This monument is scheduled under the Ancient Monuments and Archaeological Areas Act 1979 as amended as it appears to the Secretary of State to be of national importance. This entry is a copy, the original is held by the Department for Digital, Culture, Media and Sport.

Name: Kerbed platform cairn 125m north east of Holmbush Carn, Great Ganilly

List entry Number: 1010153


The monument may lie within the boundary of more than one authority.


District: Isles of Scilly

District Type: Unitary Authority

Parish: St. Martin's

National Park: Not applicable to this List entry.

Grade: Not applicable to this List entry.

Date first scheduled: 07-Oct-1976

Date of most recent amendment: 13-Feb-1995

Legacy System Information

The contents of this record have been generated from a legacy data system.

Legacy System: RSM

UID: 15388

Asset Groupings

This list entry does not comprise part of an Asset Grouping. Asset Groupings are not part of the official record but are added later for information.

List entry Description

Summary of Monument

Legacy Record - This information may be included in the List Entry Details.

Reasons for Designation

The Isles of Scilly, the westernmost of the granite masses of south west England, contain a remarkable abundance and variety of archaeological remains from over 4000 years of human activity. The remote physical setting of the islands, over 40km beyond the mainland in the approaches to the English Channel, has lent a distinctive character to those remains, producing many unusual features important for our broader understanding of the social development of early communities. Throughout the human occupation there has been a gradual submergence of the islands' land area, providing a stimulus to change in the environment and its exploitation. This process has produced evidence for responses to such change against an independent time-scale, promoting integrated studies of archaeological, environmental and linguistic aspects of the islands' settlement. The islands' archaeological remains demonstrate clearly the gradually expanding size and range of contacts of their communities. By the post- medieval period (from AD 1540), the islands occupied a nationally strategic location, resulting in an important concentration of defensive works reflecting the development of fortification methods and technology from the mid 16th to the 20th centuries. An important and unusual range of post- medieval monuments also reflects the islands' position as a formidable hazard for the nation's shipping in the western approaches. The exceptional preservation of the archaeological remains on the islands has long been recognised, producing an unusually full and detailed body of documentation, including several recent surveys. Platform cairns are funerary monuments of Early Bronze Age date (c.2000-1600 BC). They were constructed as low flat-topped mounds of stone rubble, up to 40m in external diameter though usually considerably smaller, covering single or multiple burials. Some examples have other features, including peripheral banks and internal mounds constructed on the platform. A kerb of slabs or edge-set stones sometimes bounds the edge of the platform, and a peripheral bank or mound if present. Platform cairns can occur as isolated monuments, in small groups or in cairn cemeteries. In cemeteries they are normally found alongside cairns of other types. Platform cairns form a significant proportion of the 387 surviving cairns on the Isles of Scilly; this is unusual in comparison with the mainland. All surviving examples on the Isles of Scilly are considered worthy of protection.

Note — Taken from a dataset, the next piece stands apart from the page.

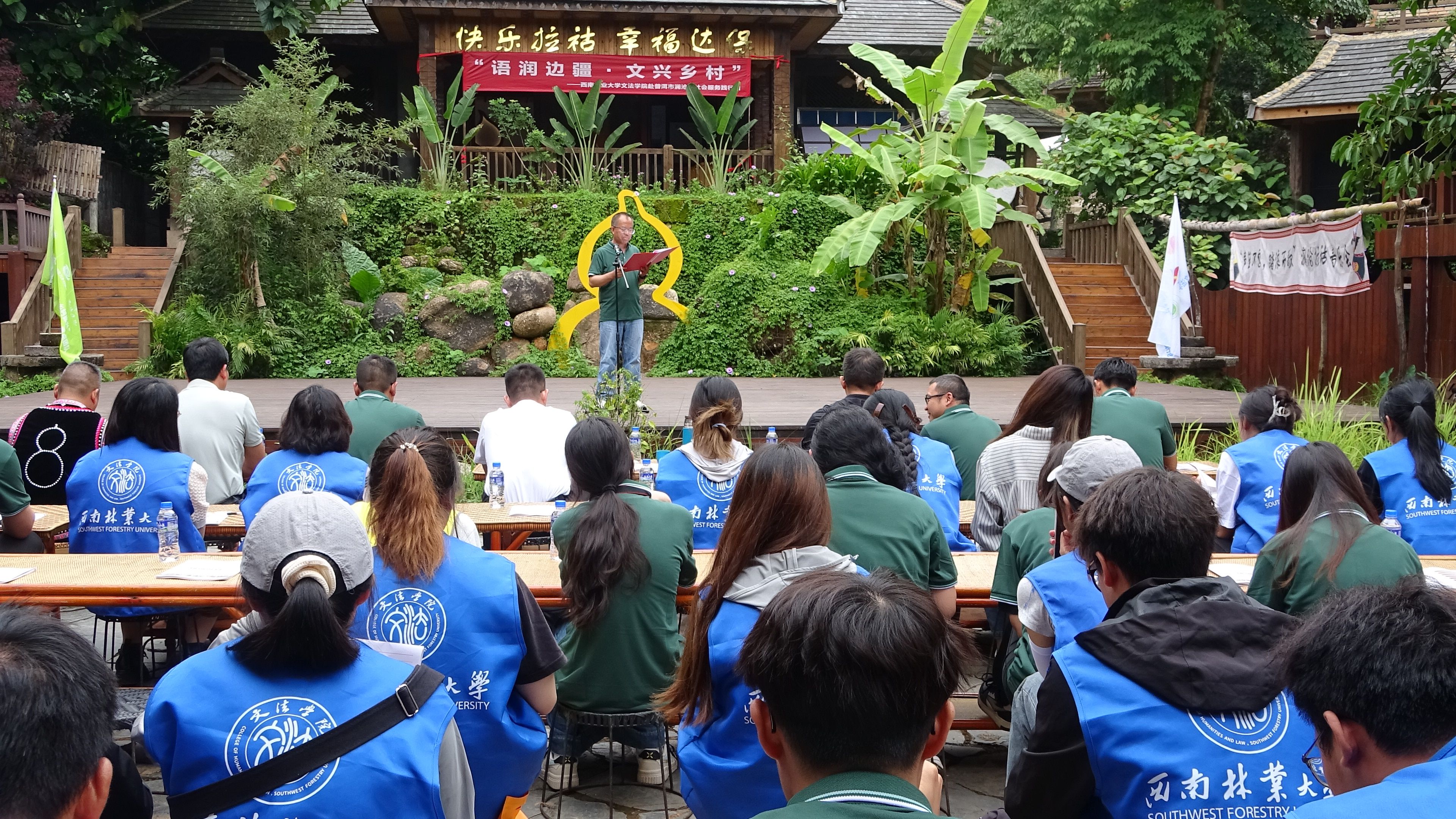 仪式在当地民族特色歌舞中拉开帷幕,阮伟向米兰milan官方网站一行表示最诚挚的欢迎和衷心的感谢,表示澜沧的发展离不开语言的桥梁,乡村的振兴需要文化的纽带。希望学校在接下来的时光里携手同行,让语言的力量点亮乡村振兴的美好蓝图。随后,魏宏以《国家通用语言文字推广普及的重要意义暨推普助力乡村振兴铸牢中华民族共同体意识》为主题做宣讲,并指出国家通用语言文字是文化传承的纽带,是经济发展和社会进步的基石,更是铸牢中华民族共同体意识的强大引擎。推广普及国家通用语言文字,是党中央、国务院作出的重大战略部署,也是助力乡村全面振兴、促进各民族交往交流交融、实现共同富裕的关键一环。学校本次暑期社会实践工作是对国家战略的积极响应与具体落实,通过助力提升当地群众国家通用语言文字应用能力,以语言为桥,连接校地合力,赋能乡村振兴与民族团结进步事业,书写校地协同发展、共筑文化繁荣的新篇章。同时希望同学们通过此次“国情课”和“思政课”,扑下身子,走进田间地头,融入乡亲们中间,用所学知识服务社会,在实践中深刻理解国家战略的深远意义,切身感受乡村发展的脉搏,体悟民族团结的力量,磨炼吃苦耐劳的意志品质,提升解决实际问题的能力,展现新时代西林学子的责任担当与青春风采。

This kerbed platform cairn on Great Ganilly has survived well and has not been excavated. The relationships between this monument, the other varied types of funerary cairn and field system on the Eastern Isles, and the known submergence of the land since they were built, illustrate in a dramatic way the major environmental changes that have affected the setting of some surviving prehistoric monuments since their construction. They also show the diversity of funerary practices and the organisation of land use among prehistoric communities.


Legacy Record - This information may be included in the List Entry Details.

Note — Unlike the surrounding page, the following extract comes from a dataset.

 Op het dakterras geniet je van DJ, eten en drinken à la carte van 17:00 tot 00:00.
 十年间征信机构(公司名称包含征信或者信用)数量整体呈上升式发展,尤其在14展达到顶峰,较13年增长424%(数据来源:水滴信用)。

The monument includes a prehistoric kerbed platform cairn with central funerary cist situated on the north crest of the northern hill of Great Ganilly, the largest of the Eastern Isles in the Isles of Scilly. This is the north eastern of two kerbed cairns on this hill.

The platform cairn survives with an ovoid mound of heaped rubble measuring 8.5m east west by 7m north-south overall. The mound is built out from the crest of the slope to the north west, up to 1m high on that side but only 0.3m high from the south, rising to the outer rim of a slightly depressed central platform, measuring 4m east-west by 3.5m north south and generally 0.2m below the level of the rim. Parts of two slab-built kerbs are visible. The outer kerb includes occasional, well-spaced large slabs on the east, south west and north west perimeter of the mound, the largest, 1.9m long, lying along the north western edge. The inner kerb extends around the southern outer rim of the central platform and includes a row of almost contiguous slabs, up to 1m long and 0.5m high, at least two of which are edge-set. At the centre of the platform is a flat slab whose exposed area measures 1m north west-south east by 0.6m north east-south west, set flush with the platform surface. From the size, setting and location of the slab, it is considered to be the covering stone of a slab-built, box-like funerary structure called a cist.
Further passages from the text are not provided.